Slant Magazine Reviews “Film About a Father Who”

Review: Film About a Father Who Walks Down a Recorded Memory Lane
January 10, 2021
By Pat Brown 
Slant Magazine 
https://www.slantmagazine.com/film/review-film-about-a-father-who-walks-down-a-recorded-memory-lane/

Throughout, Lynne Sachs undercuts the image of the past as simpler or more stable than the present.

Though the title of Lynne Sachs’s Film About a Father Who is inspired by Yvonne Rainer’s 1974 avant-garde feature Film About a Woman Who, a deconstruction of the “ideal” domestic unit, this long-gestating documentary takes a more personal and certainly less abstract look at a less-than-stable family life. Composed largely of conversations with her family that Sachs has captured over the last few decades, the film often feels like the coherent story everyone wishes they could assemble out of the neglected boxes of old home video tapes in the garage. But Sachs goes places that most amateur moviemakers avoid, undercutting the image of the past as simpler or more stable than the present.

Sachs’s father is outwardly easygoing, a self-styled “hippie businessman.” In most of the time periods covered in the documentary, Ira Sachs Sr. sports a handlebar mustache and a stringy mop of unkempt hair. Film About a Father opens with an early-‘90s conversation with him that comes off like some kind of early promotion for cellphones: While the wealthy real estate developer talks about how much he enjoys the mobility that cellular technology allows in his business dealings, we see him skiing and relaxing, hanging around in his trademark Hawaiian shirts. Methodically but not without affection, the film undermines this projected image of the ambitious yet insistently casual, essentially harmless man.

At first, it’s easy enough to believe that Ira, whom Sachs describes at the outset of the documentary as a loving father, has committed crimes with few victims other than a resentful lover or two and his morally scandalized mother, Rose, known as Maw-maw, who appears occasionally in older footage to gripe about her son’s behavior, which she colorfully describes as a kind of sexual handicap. But it becomes clear that not all of the women who Ira has been with were equal players in his lifelong game of libertinism. As a decades-old tearful conversation with his second wife, Bali native Diana, makes evident, the man leveraged his largesse to maintain a privileged position in all of his relationships, one that kept him shielded from dealing with the emotional distress that his actions were spreading.

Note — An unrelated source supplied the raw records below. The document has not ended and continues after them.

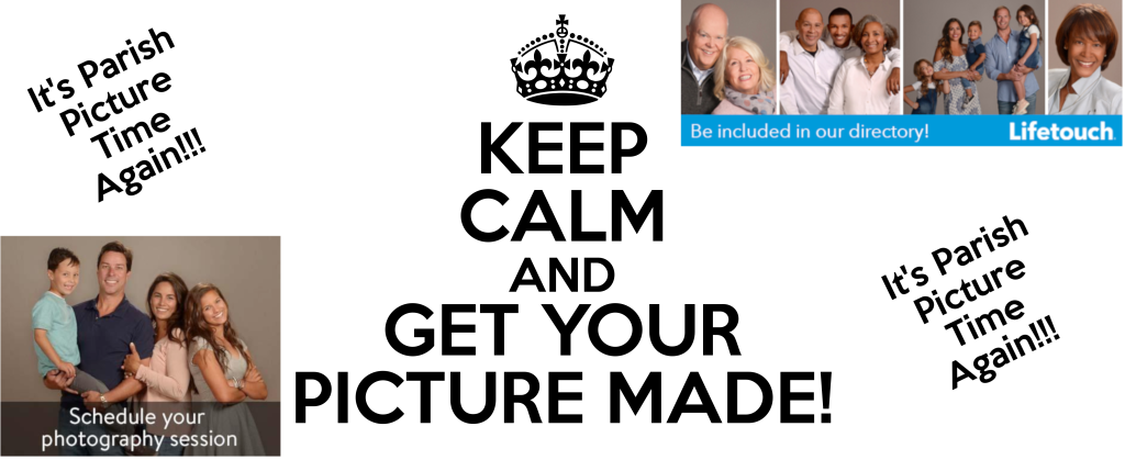 “It’s time! It’s time for us to update our photo directory. I know you are all busy. For now, we just need you to save the date. Lifetouch will be photographing all families starting: 04/23/2019 to 05/18/2019 in our parish hall. Pets are allowed and if you bring a can item for our Center of Concern you will receive a $5.00 off coupon. You will also receive a free 8X10 and a parish directory.
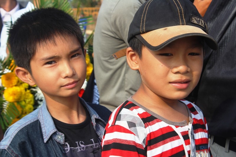 | Mặc cho trời nắng chang chang, hai em nhỏ vẫn hòa cùng dòng người xếp hàng vào viếng Đại tướng. |
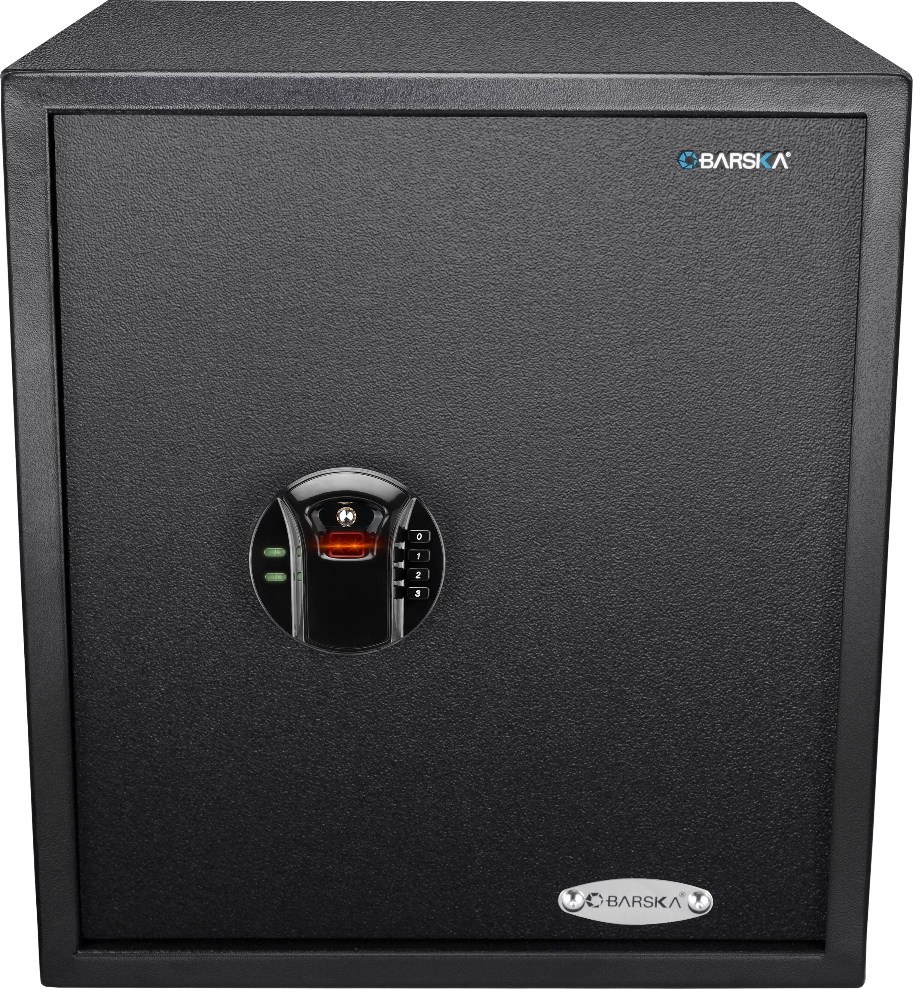 Secure and Protect your valuables with the HQ400 Large Biometric Digital Keypad Safe by Barska. The HQ400 Safe features an all-new module that provides both a Biometric Fingerprint Scanner and a Numeric Digital Keypad. Store up to 120 unique fingerprints and 1 PIN Code into the HQ400’s memory bank. The HQ400 by Barska is the perfect storage solution for small electronics, jewelry, documents, other valuables. The HQ100 comes complete with mounting hardware, a set of 2 back-up keys, protective floor mat, and 4 AA batteries.

For her part, Sachs approaches the looming but seemingly unassuming figure of her father with a frankness that, if not quite unsparing, couldn’t have been easy for her. She structures Film About a Father as an ongoing investigation of his character, with the existence of two offspring he kept hidden from his other children coming as a late-film reveal. Sachs’s interrogation of her emotionally reticent father repeatedly brings her back to fuzzy home videos captured in her childhood or young adulthood, seeking in them some explanation for his behavior, or at least signs of the stories she wouldn’t be able to assemble until later. “How can you look for something you don’t even know is lost?” she ponders over early-‘90s footage of her younger half-brothers playing in the woods, referring to two additional secret half-sisters who were growing up at the same time, unbeknownst to the other Sachs children.

Given the nature of its construction, Film About a Father can feel insular to a fault, but Sachs nonetheless finds her most affecting imagery in her old snippets of home video, with its indistinct lines, color distortions, and instances of “snow.” Part of this comes from the metaphorical redeployment of her footage—like the glimpses we get of the small mountain located on a property that Ira was developing in the ‘90s. Early in the film, the large, grassy mound symbolizes the serenity and ease of his personal and professional life, but footage later depicts the dynamiting of that mountain, just as the Sachs family’s sense of their past is upended. There’s also something specific about analog home video that Sachs exploits here. It’s much hazier and harder to interpret than the crisper present-day digital footage, or the warm 16mm she used to interview her Maw-maw before the latter passed; it speaks much more to the instability of memory, the faultiness of the images we keep with us from the past.

Only implicitly connecting the Sachs family’s problems to the distribution of privileges and indignities under patriarchy, the film lays emphasis on the personal side of “the personal is political.” Beyond attempting to come to terms with Ira the philanderer and the ways his laissez-faire approach to relationships with women has shaped her life and those of her siblings, Film About a Father Who also explores the relationship between recording and remembering, the way past and present inform each other as the stored memories of film and video footage are brought together into a coherent shape. It’s an evocative distillation of some truth from the sprawling mess of documents that a family always leaves in its wake.